For a 5k or 10k there's generally no need to diet peculiarly, as in, different from "healthy eating". Veggies, meat, some starch, little bit of cheat, etc. Having run both, I can tell you, a normal plate of pasta before running them is okay. Key is not to feel to sloggish. 

Honestly, be very careful in your decision. Most people get injured really fast starting that way and worst of all, they become fat from being accustumed to eating a lot. I'm serious, ankles and knees don't easily like runing much at first. Try walking a lot. And don't make my mistake. REST A LOT while you run. if at some point you feel something off, both in your lungs or your legs, rest, and never be afraid to call a day at first. your joints will thank you a lot.


----------



## RapeMan (Nov 30, 2020)

Lol no wonder runners get injured so much.
Eat meat drink water.


----------



## rocknrollmartian (Nov 30, 2020)

RapeMan said:


> Lol no wonder runners get injured so much.
> Eat meat drink water.



I didn't post that article just to tell someone to, derrr, drink water.
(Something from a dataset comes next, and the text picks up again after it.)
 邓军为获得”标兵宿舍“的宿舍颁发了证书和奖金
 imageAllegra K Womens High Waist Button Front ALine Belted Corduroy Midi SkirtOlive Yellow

It's relevant for the meal timing and recovery tidbits.

Sports nutrition isn't rocket science; if someone feels drained and sluggish, they need to eat more or better.


----------



## RapeMan (Nov 30, 2020)

rocknrollmartian said:


> I didn't post that article just to tell someone to, derrr, drink water. It's relevant for the meal timing and recovery tidbits.
> 
> Sports nutrition isn't rocket science; if someone feels drained and sluggish, they need to eat more or better.
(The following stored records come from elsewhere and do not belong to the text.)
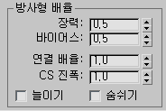 - 횡단면 진폭은 링크에 돌출 각도 횡단면이 있는 경우에만 영향을 줍니다. 0.0에서는 횡단면 변형이 꺼집니다. 값이 1.0보다 크면(최대값 10.0) 횡단면 효과가 증가됩니다. 기본값은 1.0입니다.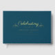 Customer specific, memorial, elegant, simpel "Celebration of life" gold-foil handwriting font, blue funeral guest book.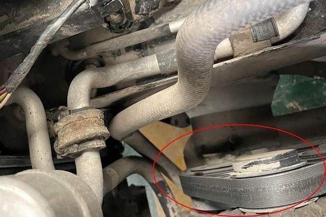 再来看看机舱内部,首当其冲的肯定就是发动机的检测了,发动机外部皮带磨损较为严重,这磨损程度还是赶紧换吧。不过从发动机附近来看,车主只是简单的清理了一下机舱表面,并不是去找人专门的打扫机舱,不然机舱内不会那么脏……
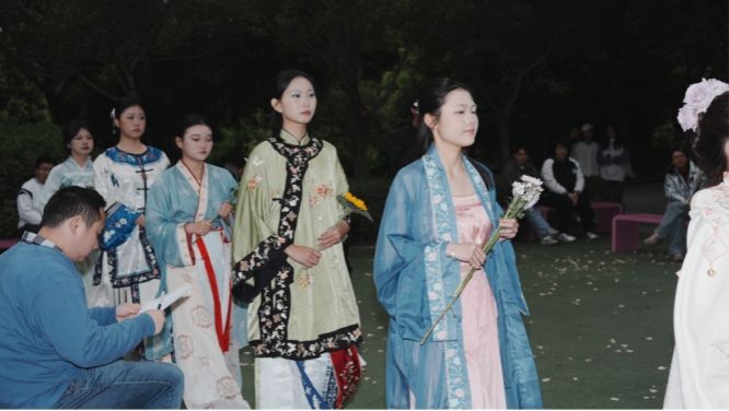 为传承与创新中华优秀传统文化,丰富校园时尚文化氛围,给学生提供展示创意与个性的舞台,3月28日下午爱莲书院小广场一场别开生面的时尚盛宴——由艺术教育中心主办的“新国潮 新风尚 新未来”首届校园走秀大赛在此成功举办。现场热闹非凡,吸引了大批师生前来围观,大家满怀期待,准备共赴这场新国潮与时尚碰撞的视觉之约。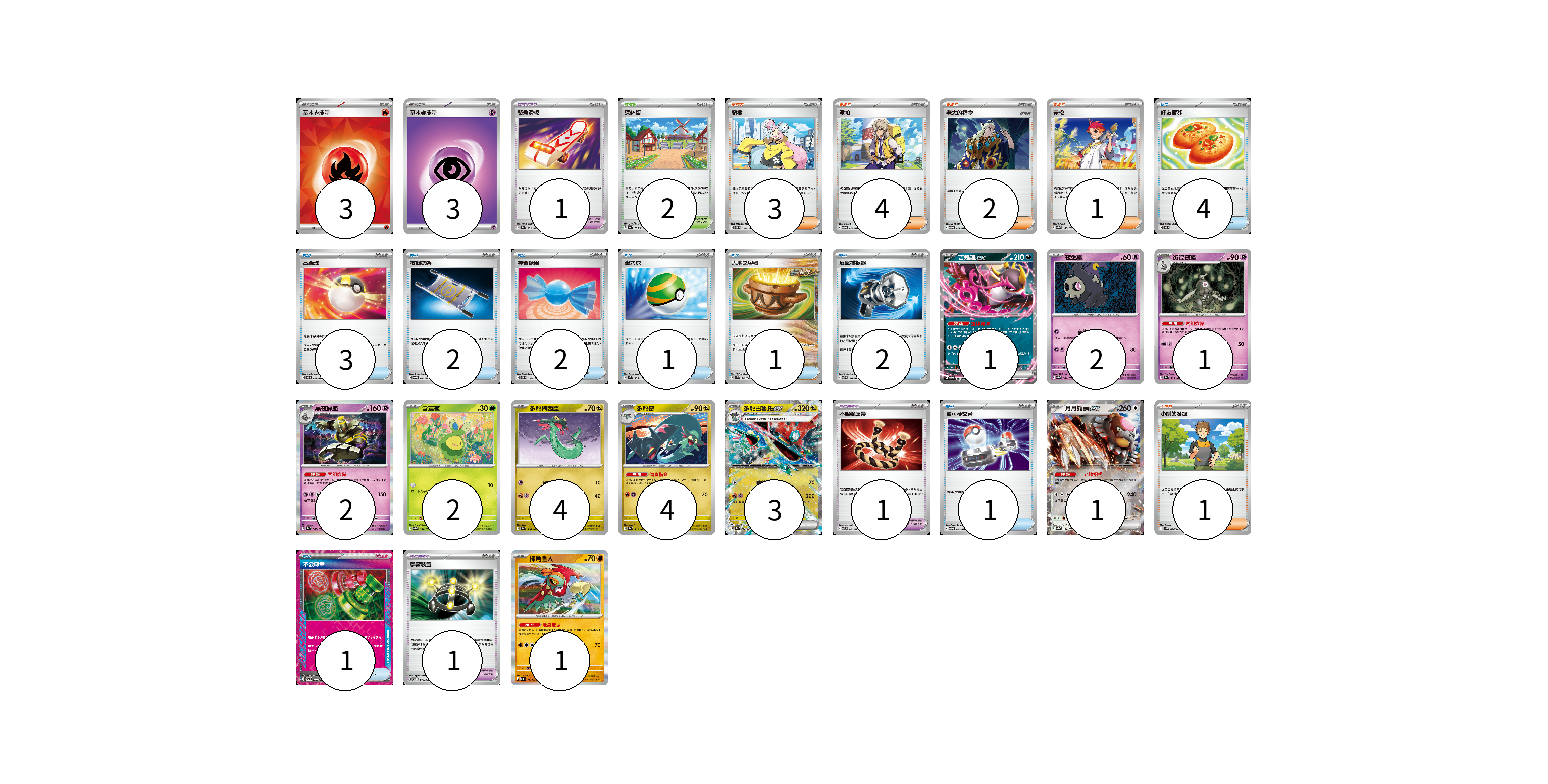 牌組構築方案 以此牌組為基礎新構築牌組 顯示卡面 顯示列表 寶可夢卡(21) 1 2 1 2 2 4 4 3 1 1 寶可夢道具(3) 1 1 1 物品卡(17) 4 3 2 2 1 1 2 1 1 支援者卡(11) 3 4 2 1 1 競技場卡(2) 2 能量卡(6) 3 3 寶可夢卡(21) 卡牌名稱 張數 卡牌名稱 張數 吉雉雞ex SVOD 004/020 01 夜巡靈 SV8a 064/187 02 彷徨夜靈 SV8a 065/187 01 黑夜魔靈 SV8a 066/187 02 含羞苞 SV8a 001/187 02 多龍梅西亞 SV8a 118/187 04 多龍奇 SV8a 119/187 04 多龍巴魯托ex SV8a 120/187 03 月月熊 赫月ex SV8a 134/187 01 摔角鷹人 SV1S 045/078 01 寶可夢道具(3) 卡牌名稱 張數 卡牌名稱 張數 緊急滑板 SV8a 153/187 01 不服輸頭帶 SVTL 016/021 01 學習裝置 SVTM 016/022 01 物品卡(17) 卡牌名稱 張數 卡牌名稱 張數 好友寶芬 SVOD 011/020 04 高級球 SVOD 012/020 03 夜間擔架 SVOM 016/021 02 神奇糖果 SVOM 014/021 02 巢穴球 SVM 133/175 01 大地之容器 SVK 012/042 01 反擊捕捉器 SVTS 009/022 02 寶可夢交替 SVOD 014/020 01 不公印章 SV5a 053/066 01 支援者卡(11) 卡牌名稱 張數 卡牌名稱 張數 奇樹 SVOM 018/021 03 派帕 SVOD 018/020 04 老大的指令 SVOD 019/020 02 赤松 SV8a 163/187 01 小剛的發掘 SV9 096/100 01 競技場卡(2) 卡牌名稱 張數 卡牌名稱 張數 深缽鎮 SV4a 185/190 02 能量卡(6) 卡牌名稱 張數 卡牌名稱 張數 基本【火】能量 SVK FIR 03 基本【超】能量 SVTS PSY 03 以此牌組為基礎新構築牌組 牌組編碼 vAFkeh-JNgrNx-mOyIiR copy 列印牌組單 牌組編碼已複製 分享至SNS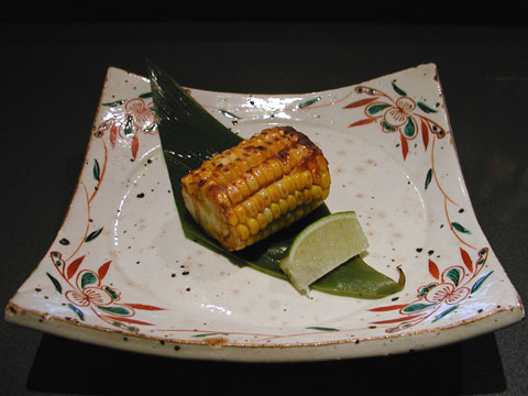 本当にめんどくさい仕事ですが、一昨年これを作ってからこの季節になると「あのとうもろこしできたぁ」っと必ず聞かれるほどの一品になってしまいました。この時期の私は、冷たい野菜の炊き合わせ・この焼きとうもろこししんじょう・トマトの冷やし蒸しなど、残業をしなければできないような仕事を抱えて一生懸命働いています。それでも、お客様に喜んでいただければ・・・そう思ってがんばっています。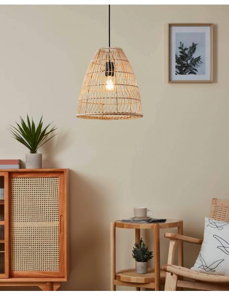 Hanging lamp made of natural fibers with a shade made of wood handcrafted from interwoven fibers whose result is a very trendy lamp, beautiful and with a lot to add to any room where you place it. Requires an E27 bulb, not included.

If you need to eat every 30 minutes something is very wrong. These high carb low fat diets are terrible for anyone let alone runners. Inflammation, malabsorption of nutrients and massive insulin spikes. Do you think our ancestors were chugging sugar gel packets as they hunted prey?

_I'm_ saying eat meat and drink water + salt


----------



## rocknrollmartian (Nov 30, 2020)

RapeMan said:


> If you need to eat every 30 minutes something is very wrong. These high carb low fat diets are terrible for anyone let alone runners. Inflammation, malabsorption of nutrients and massive insulin spikes. Do you think our ancestors were chugging sugar gel packets as they hunted prey?
> 
> _I'm_ saying eat meat and drink water + salt



Our ancestors weren't running marathon distances for PRs, lmao. There's a striking difference between reasonable-speed subsistence/survival running and max performance sports running. Gels aren't necessary per se, but _some_ source of simple sugars is. Energy levels and GI upset are real concerns.
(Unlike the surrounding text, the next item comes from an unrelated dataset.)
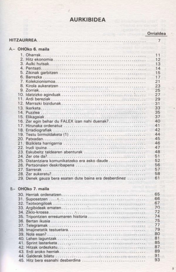 Liburu hau ez da testu liburu bat, ez eta kontsulta liburu bat ere, zuei, irakasle, ikasle eta gurasoei, lagungarri gerta dakizuekeen tresna baino. Orain arte 11-13 urte bitarteko haurrentzat (OHOko 6, 7, eta 8. mailak) euskara lantzeko izan ditugun liburuak eta materialak urriak izan dira, eta hainbatetan helduentzat pentsatutakoak ere erabili ditugu. Zuzentasuna, modu hertsi batean, lantzetik abiatzen ziren ariketez osatuak zeuden batipat. Gramatikaltasuna gordetzea zuten helburu nagusi, eta morfosintaxia irakasteko paradigmak ziren ariketen oinarri. Liburu honetan irakurle, ez duzu horrelakorik aurkituko, ez horren beharrik ikusten ez dugulako, ez horixe, baina mota horretako material ugari dagoenez, gu "lau trebetasunak" -entzutezko ulermena, mintzamena, irakurrizko ulermena eta idazmena- lantzeko eta sakontzeko ariketetara mugatuko garelako baizik.

Also, it's rather amusing to pretend like Shalane Flanagan is full of shit for eating a carb-laden meal before her numerous victories. Someone like Zach Bitter is an anomaly, and even he admits to eating carbs during intense events.


----------



## Idiotron (Nov 30, 2020)

What is your current fitness level and diet?
Do you actually want to compete or just finish the race?


----------



## Disheveled Human (Dec 1, 2020)

Is eating 12 hotpockets in 2 days self harm??


----------



## Wingnut (Dec 1, 2020)

Idiotron said:


> What is your current fitness level and diet?
> Do you actually want to compete or just finish the race?



Fitness level is nothing out of the norm, before all the lockdowns I was going to the gym regularly, though I'd like to lose some weight as I've definitely noticed a gain since this all started. Diet has quite honestly gone to shit, which is part of why I started this thread. If I have a consistent plan to abide by it'll help me tremendously.

I've only ever done personal jogging or used a treadmill/elliptical. I actually did a 5k prep endurance regimine about a year ago on the treadmill, but at first I'd just like to make sure I could manage at least a jog consistently throughout the race.



Disheveled Human said:


> Is eating 12 hotpockets in 2 days self harm??



Not if you didn't care about those 5 years you just lost.


----------



## captkrisma (Dec 1, 2020)

I've run a handful of halfs, participated in a team marathon (where a team of 5 runs different lengths and tags out to the next guy) where our team beat the official Nike team, and won a few 5ks for my age bracket.

The key to running 5ks well is to run 10k every Monday and Friday, do a typical upper body routine Tuesday and Thursday, and save Wednesday for a specific leg muscle group you want to work on.  I'd work thighs and glutes more than calves unless you like to sprint the last little bit of the run.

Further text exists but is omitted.